▸ Material to process
+-------+

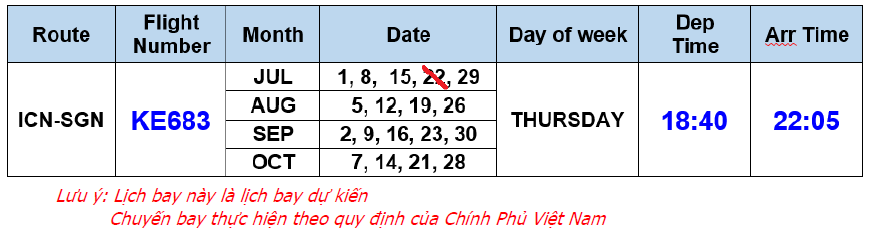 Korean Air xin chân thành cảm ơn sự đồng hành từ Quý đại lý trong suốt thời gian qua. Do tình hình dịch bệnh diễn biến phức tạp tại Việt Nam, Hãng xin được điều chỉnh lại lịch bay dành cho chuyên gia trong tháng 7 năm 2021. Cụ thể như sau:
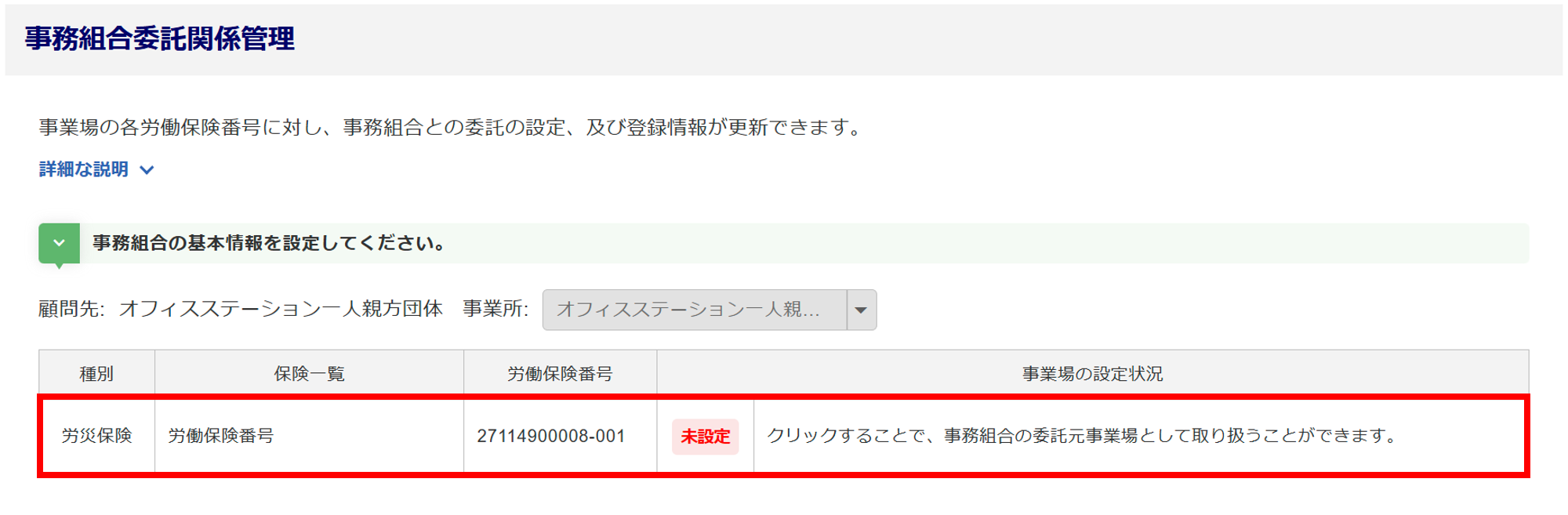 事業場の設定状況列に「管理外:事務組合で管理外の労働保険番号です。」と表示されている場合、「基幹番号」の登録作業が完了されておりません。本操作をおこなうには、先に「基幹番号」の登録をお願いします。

+-------+

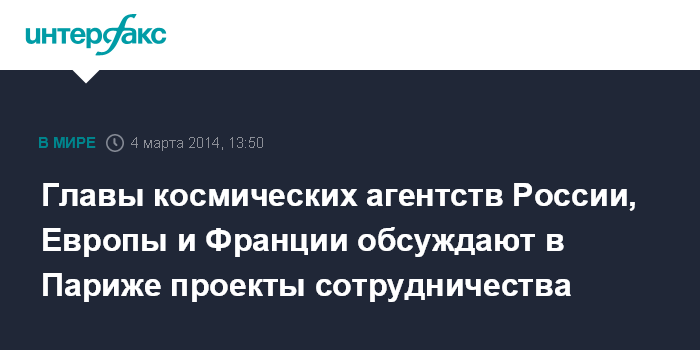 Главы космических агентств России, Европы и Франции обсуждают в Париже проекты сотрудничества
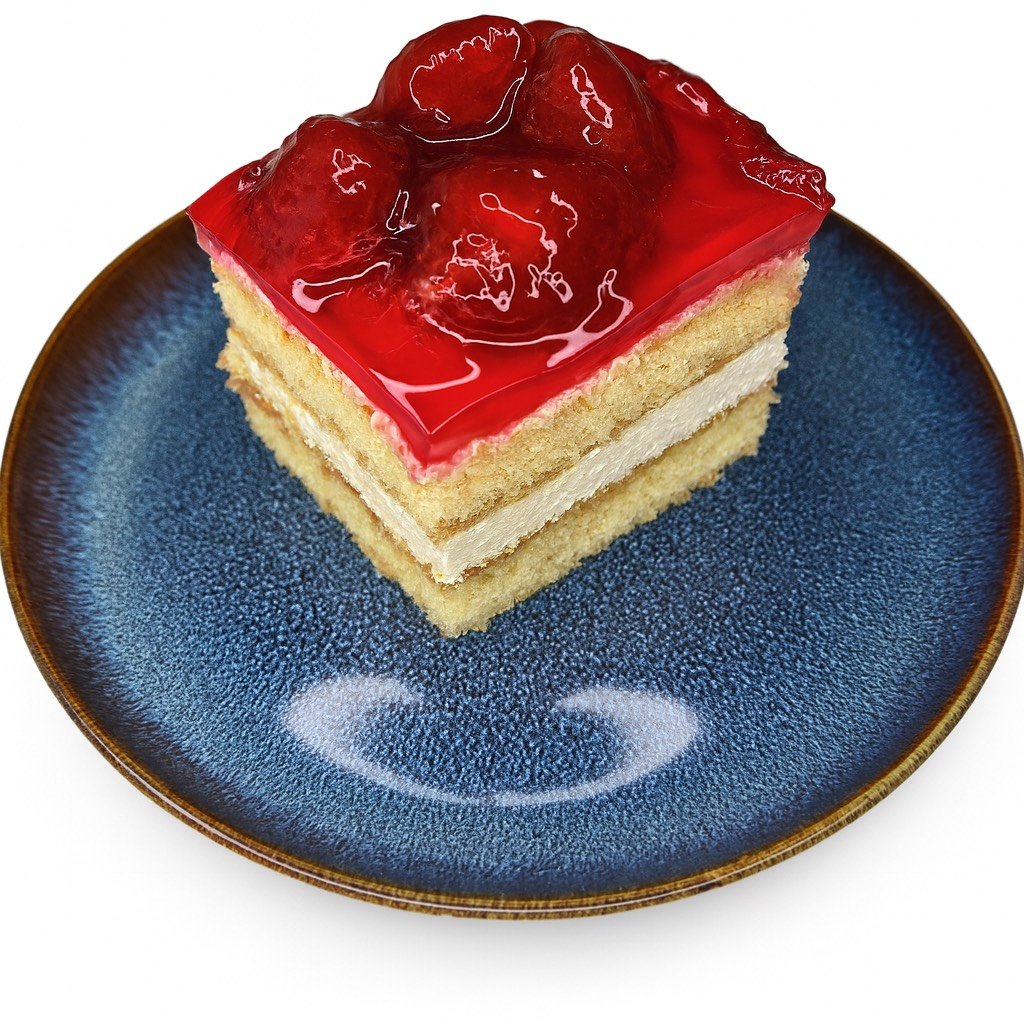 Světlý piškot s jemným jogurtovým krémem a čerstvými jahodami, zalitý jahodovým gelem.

+-------+

▸ Description of the task
Only one stretch of the entries above is needed: the lines from the one containing "Главы космических агентств" through the one containing "Světlý piškot s". Copy it exactly, without the pictures.

▸ Result of the task
 Главы космических агентств России, Европы и Франции обсуждают в Париже проекты сотрудничества
 Světlý piškot s jemným jogurtovým krémem a čerstvými jahodami, zalitý jahodovým gelem.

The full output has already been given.